Efficient Management of Time-Based Indices in Elasticsearch

Efficient Management of Time-Based Indices in Elasticsearch

Introduction

Managing time-based indices in Elasticsearch can be a complex task, especially when dealing with large volumes of data. In this article, we will introduce a new “scroll mode” and its API, which can efficiently manage time-based indices.

Scroll Mode

Roll mode works as follows:

  • Index has an alias for writing, which points to an active index.
  • Another alias for reading (search) points to an inactive index.
  • The active index is distributed across multiple nodes, with each node having a slice of the index. This allows for efficient writing and reduces the load on individual nodes.
  • When the active index becomes too full or too old, it is scrolled to a new index, and the index aliases are automatically switched to the new index.

Getting Started

Suppose we have a 10-node cluster with a cold pool of nodes. Ideally, the active index should be uniformly distributed across each hot node, with each main fragment having a copy fragment to allow for node failure without data loss. This means that the active index should have five main fragments, adding up to a total of 10 slices (one for each node).

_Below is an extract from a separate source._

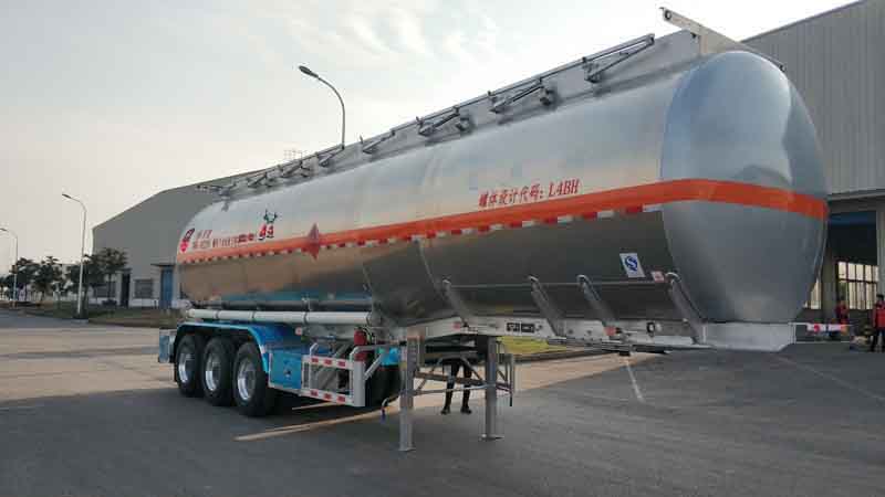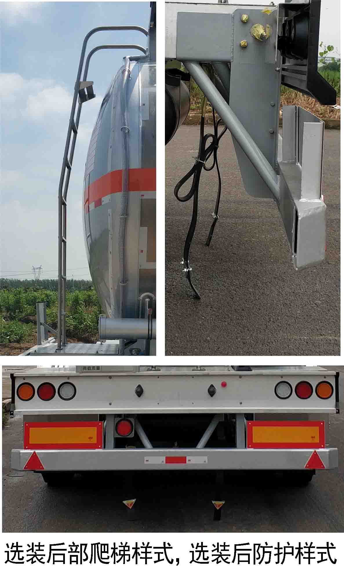 48方陜汽鋁合金半掛油車罐體采用7.0球型封頭,配4寸鋁合金管路,位于右側中部,配聚四氟乙烯密封墊。整車尺寸(mm)12240×2550×3990mm。車架 鋁合金型材,一體式車架牽引銷 50# 裝配式支腿,28T、碳鋼、聯(lián)動9*22.5輪胎。采用永力泰12T 空氣懸掛(無前橋提升),配套1根非ABS碟剎軸(方軸,適配鋁合金輪輞,配加長螺栓)、2根ABS碟剎軸(方軸,適配鋁合金輪輞,配加長螺栓)、永力泰空懸氣路控制系統(tǒng)QPN301T2一套。罐體兩側貼易燃液體、爆字貼(位于罐體中部、橙色反光帶之間),后封頭外圈粘貼全白標貼(中間粘貼紅白標貼),后封頭粘貼爆字貼,易燃液體標貼,安全告示貼紙,后部防護安裝安全告示鋁制牌,罐體側邊粘貼“嚴禁煙火”貼紙,罐體側面前后需粘貼“倒L”白色反光貼紙,軟管箱粘貼紅白標貼。

We can create a template for the active index index using the following API call:

PUT _template/active-logs
{
  "template": "active-logs-*",
  "settings": {
    "number_of_shards": 5,
    "number_of_replicas": 1,
    "routing.allocation.include.box_type": "hot",
    "routing.allocation.total_shards_per_node": 2
  },
  "aliases": {
    "active-logs": {},
    "search-logs": {}
  }
}

Index Log Event

When creating the active index, we also create an alias for writing and searching. We should only use the alias to write to the current active index.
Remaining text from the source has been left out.